Cooking Time 15-20min.
½ Brown Onion
4 Cloves Garlic
1-28 oz can of whole tomatoes Plus ¼ can full of water
½ c Fresh Basil – rough chopped
Pinch of Salt & Pepper
This is what I would call a “Primitive” sauce and it should be chunky. So don’t worry about chopping the onions and garlic into small bits. You can add or subtract the amount of sugar you use. Continue to taste the sauce all the way through the cooking process. Never add the onions and garlic together to sauté as the garlic will burn. Add them after you sauté the onions.
Course chop Onions and Garlic separately. Heat a heavy bottomed sauce pan and coat the bottom with Olive oil.

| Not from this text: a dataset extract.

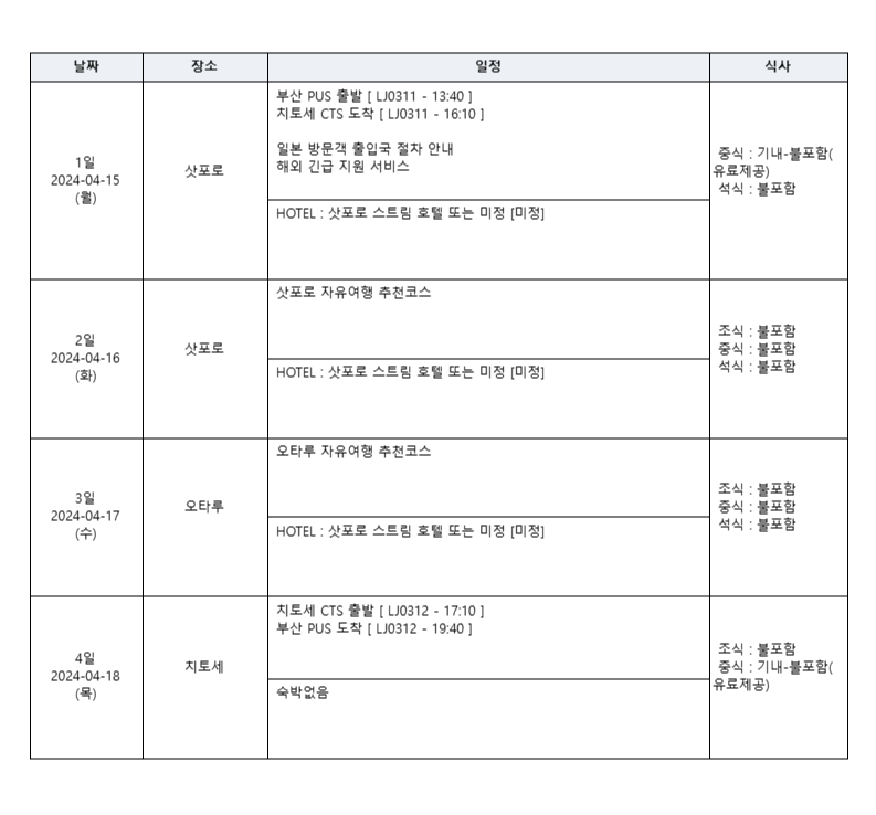 [특가상품] 출발임박 부산출발 홋카이도 자유 4일 / 4.15, 23, 24 출발 / 429,900원 #삿포로 스트림 호텔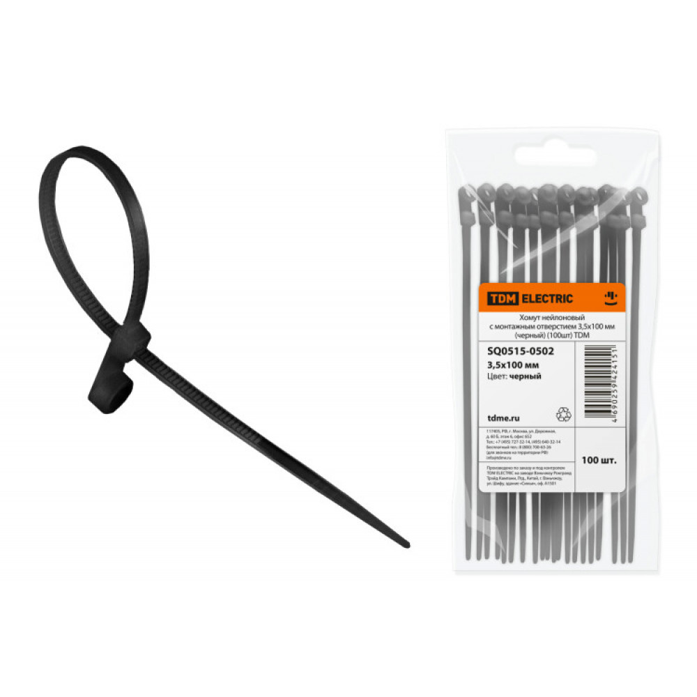 Описание Хомут нейлоновый с монтажным отверстием 3,5х100 мм (черный) (100шт) SQ0515-0502

Sauté the onions first until translucent and then add the garlic. And sauté for another minute.
In a bowl pour in the 28oz can of whole tomatoes. And crush the tomatoes with your hands. Then add them with their juice to the onions and garlic. Stir the mixture together. Fill the can ¼ full with water and add that to sauce as well.
Add the pinch of salt and pepper to your taste.
Add the 1-Tbsp sugar and adjust more if needed to your taste. Remember that all canned tomatoes are different and the amount of salt and pepper along with the sugar will be differing from manufacturer to manufacturer.
Let cook for 10-15 minutes enough so the tomatoes start to soften.
Add the ½ cup chopped fresh basil and stir into the sauce. Cook an additional 5 minutes so the ingredients have a chance to mingle with each other. Re-adjust your seasonings.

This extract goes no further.